▶ _Records shown_

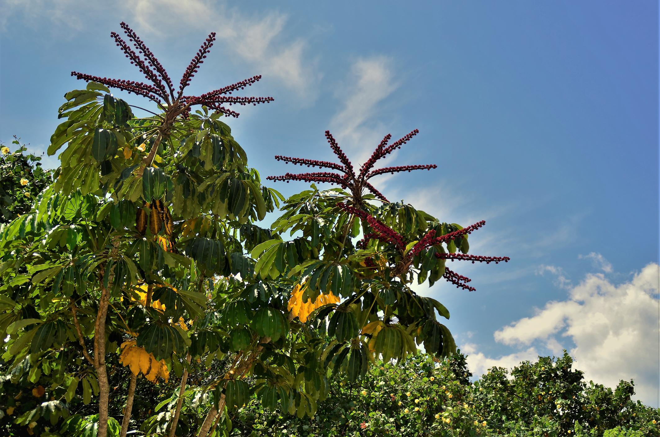 - Las hojas compuestas y palmadas están acomodadas en racimos de 6 a 9 hojas individuales en torno a un peciolo de 12 centímetros de largo, recordando a un paraguas. Estas hojas tienen apariencia lacada, muy brillante y de color verde intenso.
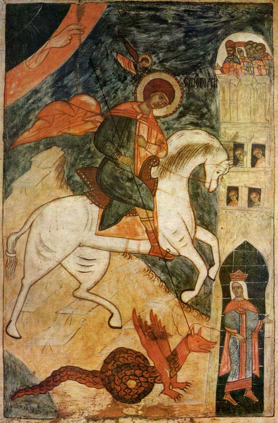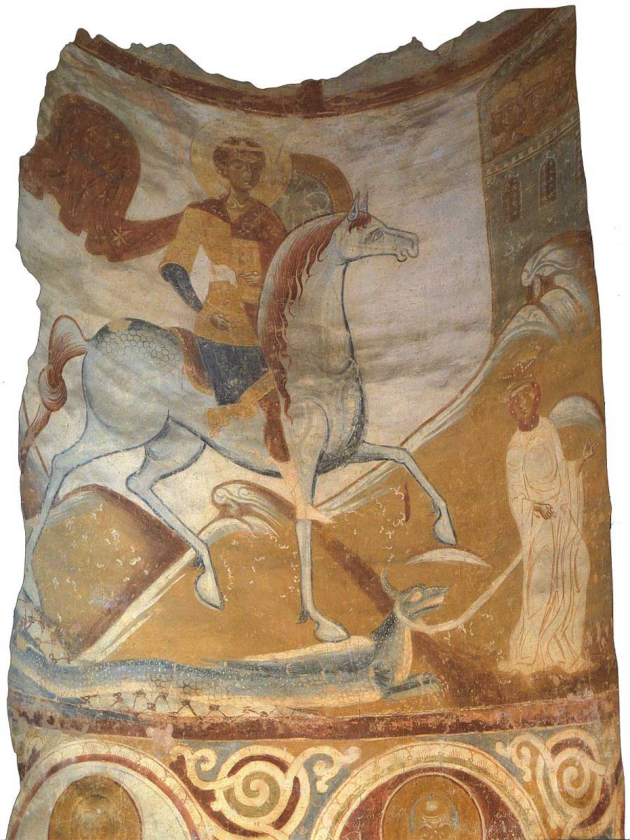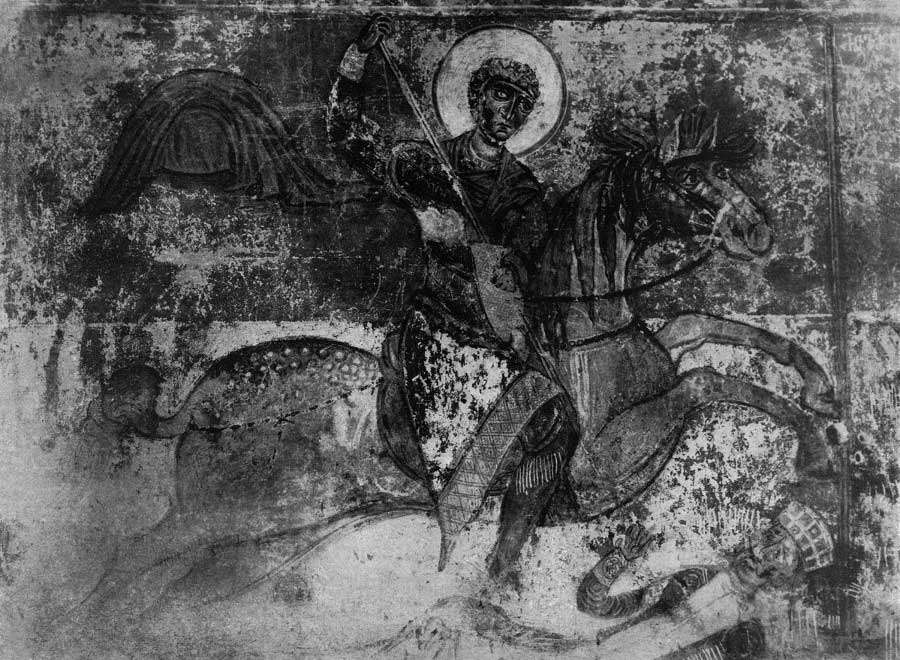 Чудо Георгия о змие. Фреска. Последняя четверть XII в. Церковь святого Георгия, Старая Ладога
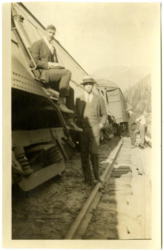 Photograph taken during a family trip to Canada and Washington state showing Marriott C. Morris' sons Elliston Perot Morris Jr. and Marriott Canby Morris Jr. standing next to a derailed train at Albert Canyon. The man on the left wears a close fitting cap and sits in a doorway in the train car. The man on the right wears a wide brimmed straw hat and stands on the rail with his hands in his pockets. Both men wear three-piece suits. Two other men stand in the background.
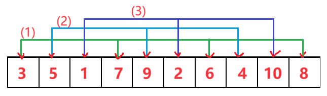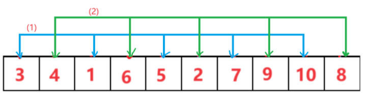 选取一个基准点,然后分别扫描数组的两端,设有两个“指针”指向起始和结束位置
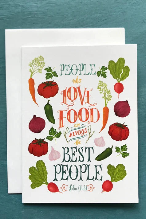 This any-occasion greeting card will delight your foodie friends. The food lover's quote is attributed to culinary legend Julia Child, and the veritable vegetable garden surrounding the hand-lettered phrase on this card is vibrant and eye-catching.
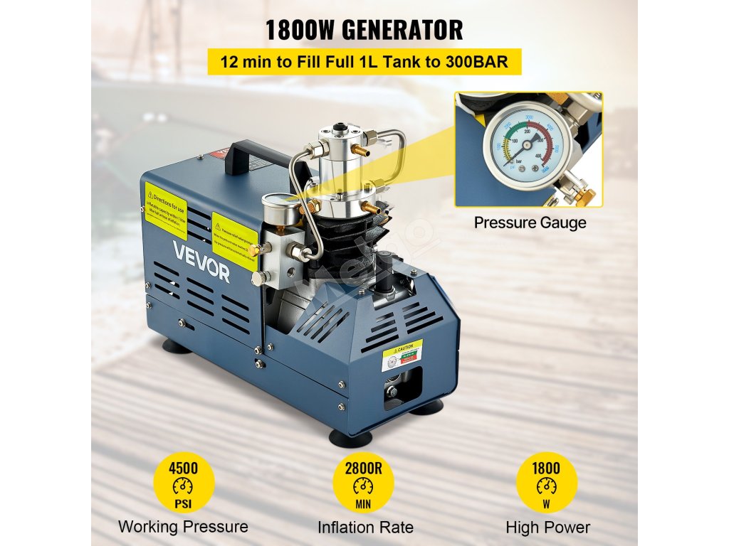 Tento kompresor na potápanie s nádržou je vybavený 1800W vysoko výkonným medeným motorom a vynikajúcim nafukovacím výkonom. Maximálny pracovný tlak je 4500 PSI, rýchlosť nafukovania je 2800 R/min a prietok je 50 l/min. Keď tlak dosiahne 30MPA, je potrebné zariadenie manuálne zastaviť.
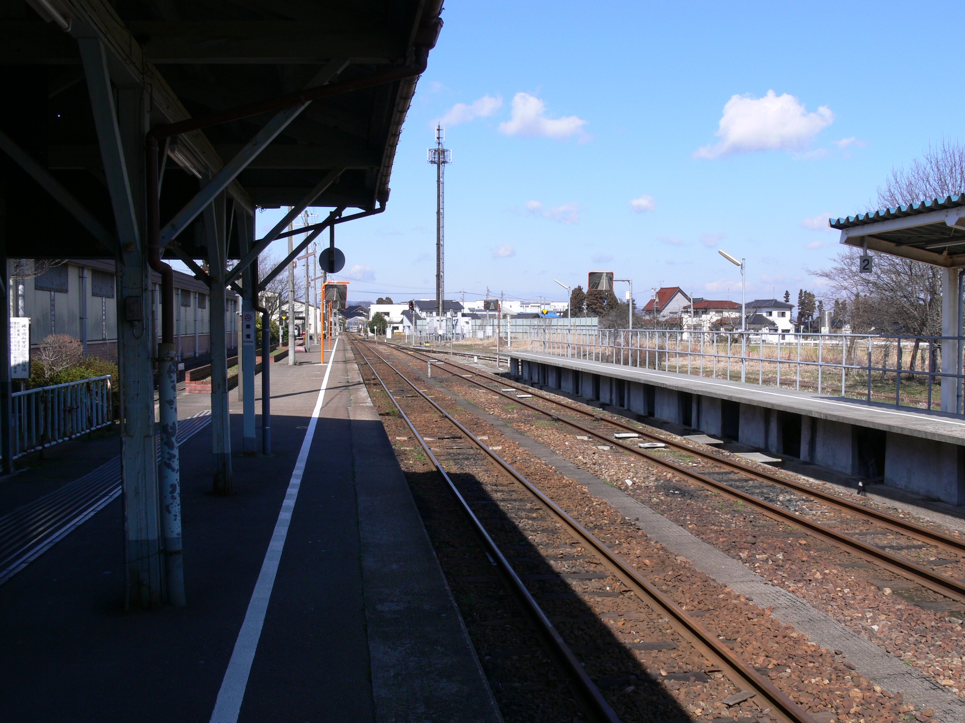 相対式ホーム2面2線を持つ地上駅であり、終端部において機回しができる配線となっている。
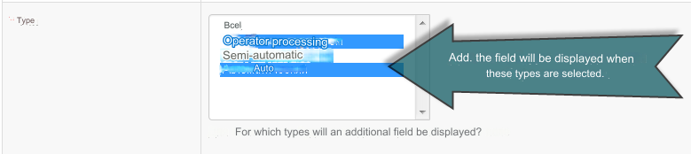 Type - when you select which types this additional option will be displayed. field. Selecting multiple types - Hold down the Ctrl key on your keyboard and select the types you want. Select All if the field should be displayed for all types.
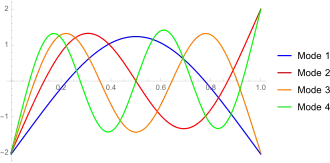 The quantities are called the natural frequencies of the beam. Each of the displacement solutions is called a mode, and the shape of the displacement curve is called a mode shape.
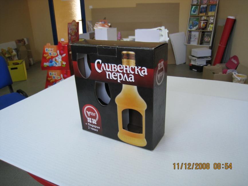 On line masked packaging laminated double-layer, micro, three and five layered cardboard with various full-color images of cardboard from 80 to 500g / m2 serving as advertising displays, stoppers, flyers, luxury boxes, posters, gift boxes, gift packaging, packaging wine and others. with exclusive design. Since 2012 the company has implemented a stacking machine with high-speed operation and the largest in the region size of 1400 x 2100 mm. This enables the production of large masked packaging, advertising racks, displays and other one part without assembly. This only leads to posebe their more robust construction of the devices on the one part.
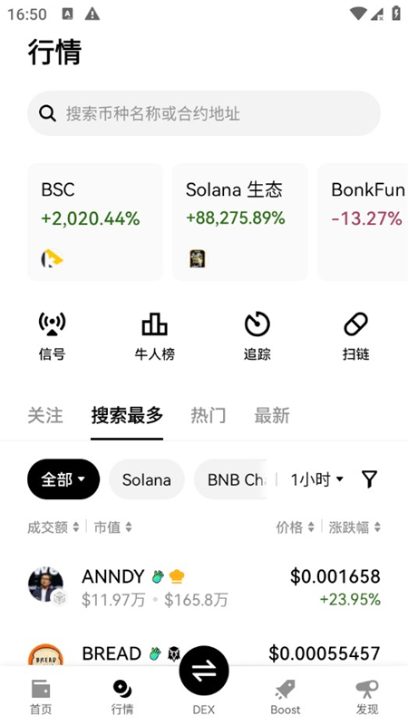 (1)价格信息:展示该币种的最新价格、最高价、最低价、成交额和所属模块等信息。
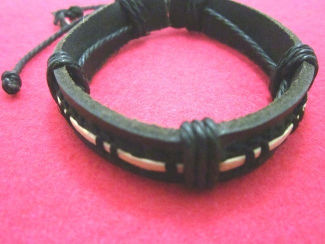 半額 エスニック ハンドメイド本皮 ブラック×ホワイト デザインブレス 黒×白 ♪レザーブレス♪ 男女兼用 171006-3
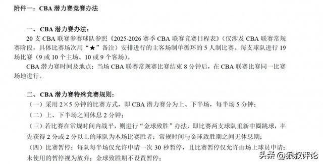 媒体人付政浩发文点评:“CBA 潜力赛采用 2×5 分钟的比赛方式,即 CBA 潜力赛分为上、下半场,每半场 5 分钟。若比赛在常规时间内战平,则进行“金球致胜”办法,即比赛两支球队重新中圈跳球,率先获得 2 分或 2 分以上的球队为本场比赛胜者;常规时间与金球致胜期之间无休息期。原则上,参加CBA潜力赛的都是各队的非首发球员,但在特殊情况下也可以安排首发球员出场,如某球队符合 CBA 潜力赛参赛资格的球员在 CBA 联赛当场比赛中受伤下场、且后续再无上场时间记录的;或因 TUD 犯规被取消该场 CBA 联赛当场比赛资格(不包括因个人犯规累计满5 次的球员),导致该场 CBA 潜力赛参赛人员不满 5 名时,则可补充该队 CBA 联赛当场比赛国内首发球员,受伤(或罚出)1 人可补充 1 人参赛,以此类推,直至 CBA 潜力赛报名参赛人员达到 5 名,同时,对手球队有权更改同等(或少于)数量的国内首发球员参赛。另外,CBA潜力赛还推出额外参赛球员规则:各球队可最多增加 2 名 CBA 联赛非当场比赛报名的国内球员参加CBA 潜力赛,但该规则只有在客队选择使用额外参赛球员时才适用于主队,主队不得单独使用额外球员。双方球队必须在本场 CBA 联赛比赛中场休息结束前 4 分钟内,向记录台提交本场 CBA潜力赛的球员名单,参赛球员不超过 9 名球员、不少于 5 名球员;当某球队出现须由国内首发球员补充参赛的情况,则须在 CBA 联赛该场比赛结束后1分钟内向记录台提交更换申请,并通知参赛对手确认是否进行人员更换;如某球队因伤病等原因,赛前比赛球员人数不足 5 人则视为弃权。”对于这个赛后的方案,实际上争议比较大的地方是赛后的8分钟进行,仿佛是强行填补了从48分钟改成40分钟的规则。
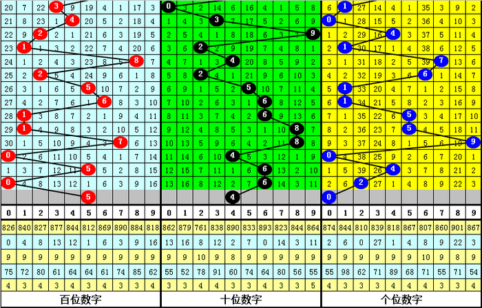 和尾分析:最近10周周四和尾为:4、7、5、1、4、5、5、6、4、3,波动了6个点位,和尾奇偶比为6:4,基本握平,和尾大小比为5:5,基本握平,本期参考和尾9。
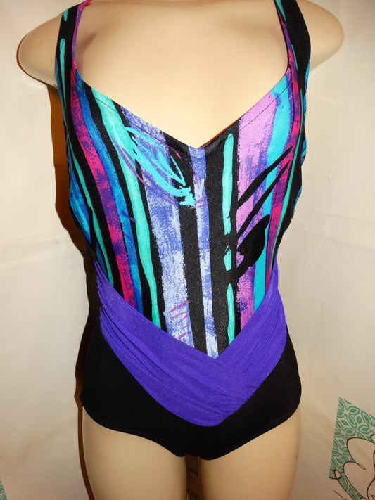Vintage The Slim Suit Black Cololful Swimsuit Size M
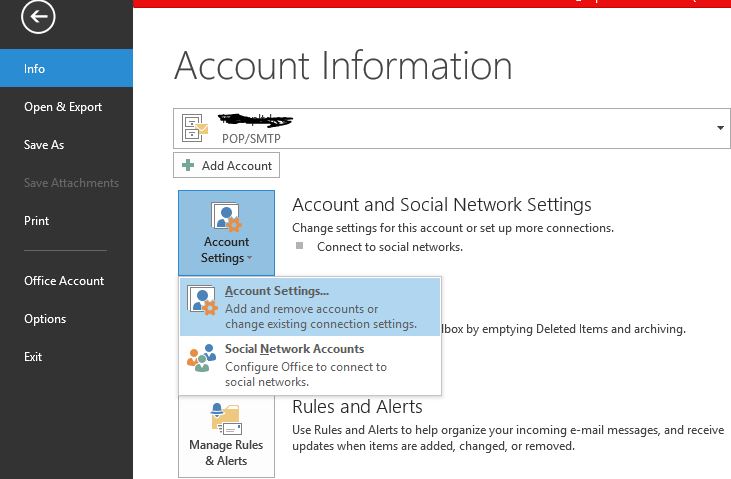 - Abre tucuenta de Outlooky vaya al menú Herramientas. Si está utilizando Office 2013/16, vaya aArchivo>Configuración de cuenta>Configuración de cuenta.
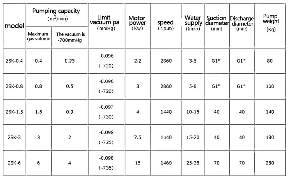 convenient maintenance.2SK series is used for working conditions with suction pressure lower than -0.08mpa, and 2sk-p1 series
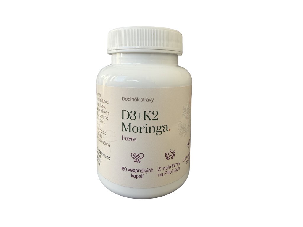 Složení: Moringa oleifera, Vitamin K2 (MK-7), Vitamin D3 (cholekalciferol), kapsle (HPMC).
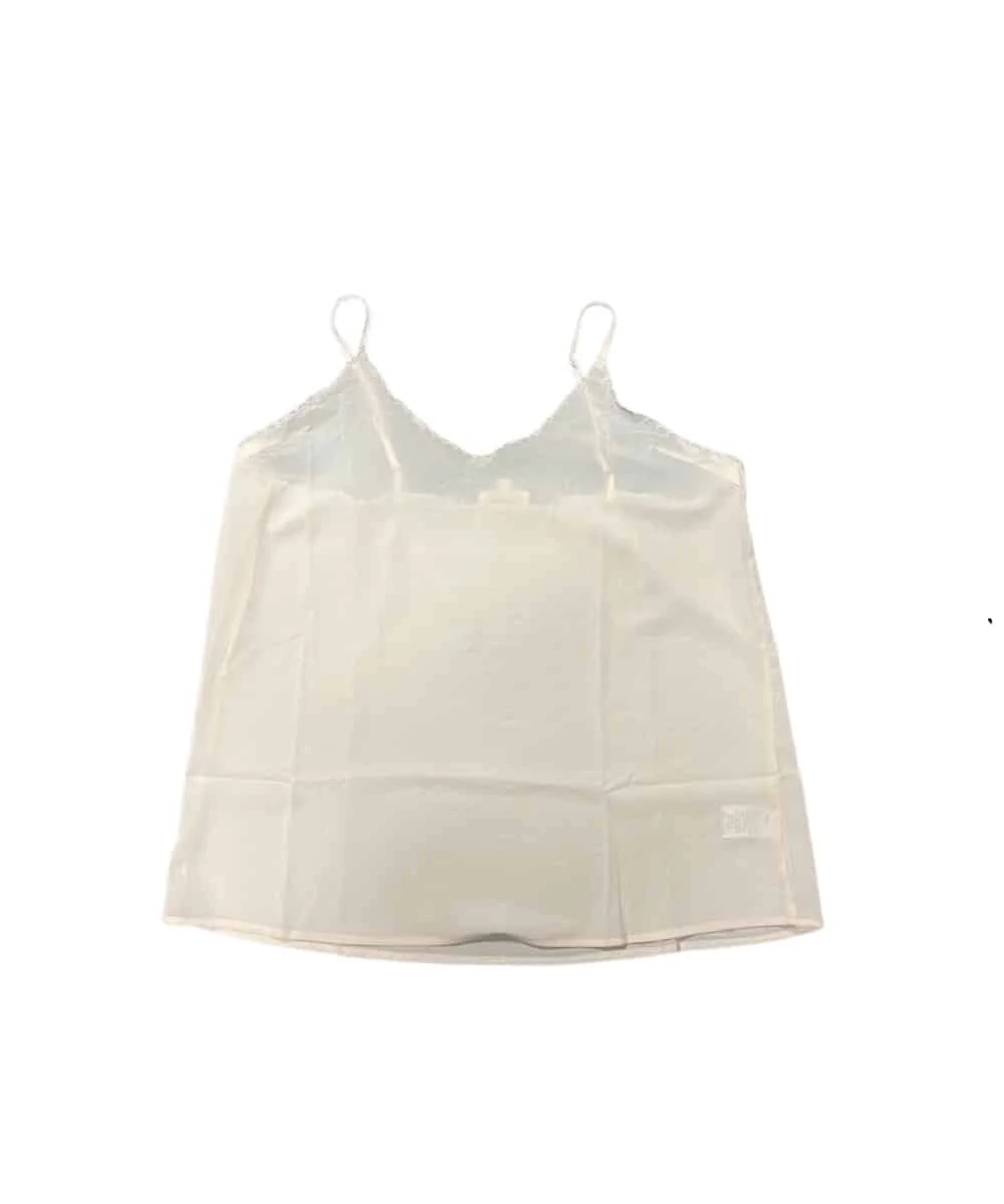 100% Polyester; Color: Cream; Scalloped Tank; Adjustable Spaghetti Straps; Scoop V-Neck; Flowy Fit; Color: Cream; Style #C5600

▶ _What is being asked_
Restate the records above verbatim. Pictures stay out.

▶ _Solution for this problem_
 - Las hojas compuestas y palmadas están acomodadas en racimos de 6 a 9 hojas individuales en torno a un peciolo de 12 centímetros de largo, recordando a un paraguas. Estas hojas tienen apariencia lacada, muy brillante y de color verde intenso.
 Чудо Георгия о змие. Фреска. Последняя четверть XII в. Церковь святого Георгия, Старая Ладога
 Photograph taken during a family trip to Canada and Washington state showing Marriott C. Morris' sons Elliston Perot Morris Jr. and Marriott Canby Morris Jr. standing next to a derailed train at Albert Canyon. The man on the left wears a close fitting cap and sits in a doorway in the train car. The man on the right wears a wide brimmed straw hat and stands on the rail with his hands in his pockets. Both men wear three-piece suits. Two other men stand in the background.
 选取一个基准点,然后分别扫描数组的两端,设有两个“指针”指向起始和结束位置
 This any-occasion greeting card will delight your foodie friends. The food lover's quote is attributed to culinary legend Julia Child, and the veritable vegetable garden surrounding the hand-lettered phrase on this card is vibrant and eye-catching.
 Tento kompresor na potápanie s nádržou je vybavený 1800W vysoko výkonným medeným motorom a vynikajúcim nafukovacím výkonom. Maximálny pracovný tlak je 4500 PSI, rýchlosť nafukovania je 2800 R/min a prietok je 50 l/min. Keď tlak dosiahne 30MPA, je potrebné zariadenie manuálne zastaviť.
 相対式ホーム2面2線を持つ地上駅であり、終端部において機回しができる配線となっている。
 Type - when you select which types this additional option will be displayed. field. Selecting multiple types - Hold down the Ctrl key on your keyboard and select the types you want. Select All if the field should be displayed for all types.
 The quantities are called the natural frequencies of the beam. Each of the displacement solutions is called a mode, and the shape of the displacement curve is called a mode shape.
 On line masked packaging laminated double-layer, micro, three and five layered cardboard with various full-color images of cardboard from 80 to 500g / m2 serving as advertising displays, stoppers, flyers, luxury boxes, posters, gift boxes, gift packaging, packaging wine and others. with exclusive design. Since 2012 the company has implemented a stacking machine with high-speed operation and the largest in the region size of 1400 x 2100 mm. This enables the production of large masked packaging, advertising racks, displays and other one part without assembly. This only leads to posebe their more robust construction of the devices on the one part.
 (1)价格信息:展示该币种的最新价格、最高价、最低价、成交额和所属模块等信息。
 半額 エスニック ハンドメイド本皮 ブラック×ホワイト デザインブレス 黒×白 ♪レザーブレス♪ 男女兼用 171006-3
 媒体人付政浩发文点评:“CBA 潜力赛采用 2×5 分钟的比赛方式,即 CBA 潜力赛分为上、下半场,每半场 5 分钟。若比赛在常规时间内战平,则进行“金球致胜”办法,即比赛两支球队重新中圈跳球,率先获得 2 分或 2 分以上的球队为本场比赛胜者;常规时间与金球致胜期之间无休息期。原则上,参加CBA潜力赛的都是各队的非首发球员,但在特殊情况下也可以安排首发球员出场,如某球队符合 CBA 潜力赛参赛资格的球员在 CBA 联赛当场比赛中受伤下场、且后续再无上场时间记录的;或因 TUD 犯规被取消该场 CBA 联赛当场比赛资格(不包括因个人犯规累计满5 次的球员),导致该场 CBA 潜力赛参赛人员不满 5 名时,则可补充该队 CBA 联赛当场比赛国内首发球员,受伤(或罚出)1 人可补充 1 人参赛,以此类推,直至 CBA 潜力赛报名参赛人员达到 5 名,同时,对手球队有权更改同等(或少于)数量的国内首发球员参赛。另外,CBA潜力赛还推出额外参赛球员规则:各球队可最多增加 2 名 CBA 联赛非当场比赛报名的国内球员参加CBA 潜力赛,但该规则只有在客队选择使用额外参赛球员时才适用于主队,主队不得单独使用额外球员。双方球队必须在本场 CBA 联赛比赛中场休息结束前 4 分钟内,向记录台提交本场 CBA潜力赛的球员名单,参赛球员不超过 9 名球员、不少于 5 名球员;当某球队出现须由国内首发球员补充参赛的情况,则须在 CBA 联赛该场比赛结束后1分钟内向记录台提交更换申请,并通知参赛对手确认是否进行人员更换;如某球队因伤病等原因,赛前比赛球员人数不足 5 人则视为弃权。”对于这个赛后的方案,实际上争议比较大的地方是赛后的8分钟进行,仿佛是强行填补了从48分钟改成40分钟的规则。
 和尾分析:最近10周周四和尾为:4、7、5、1、4、5、5、6、4、3,波动了6个点位,和尾奇偶比为6:4,基本握平,和尾大小比为5:5,基本握平,本期参考和尾9。
Vintage The Slim Suit Black Cololful Swimsuit Size M
 - Abre tucuenta de Outlooky vaya al menú Herramientas. Si está utilizando Office 2013/16, vaya aArchivo>Configuración de cuenta>Configuración de cuenta.
 convenient maintenance.2SK series is used for working conditions with suction pressure lower than -0.08mpa, and 2sk-p1 series
 Složení: Moringa oleifera, Vitamin K2 (MK-7), Vitamin D3 (cholekalciferol), kapsle (HPMC).
 100% Polyester; Color: Cream; Scalloped Tank; Adjustable Spaghetti Straps; Scoop V-Neck; Flowy Fit; Color: Cream; Style #C5600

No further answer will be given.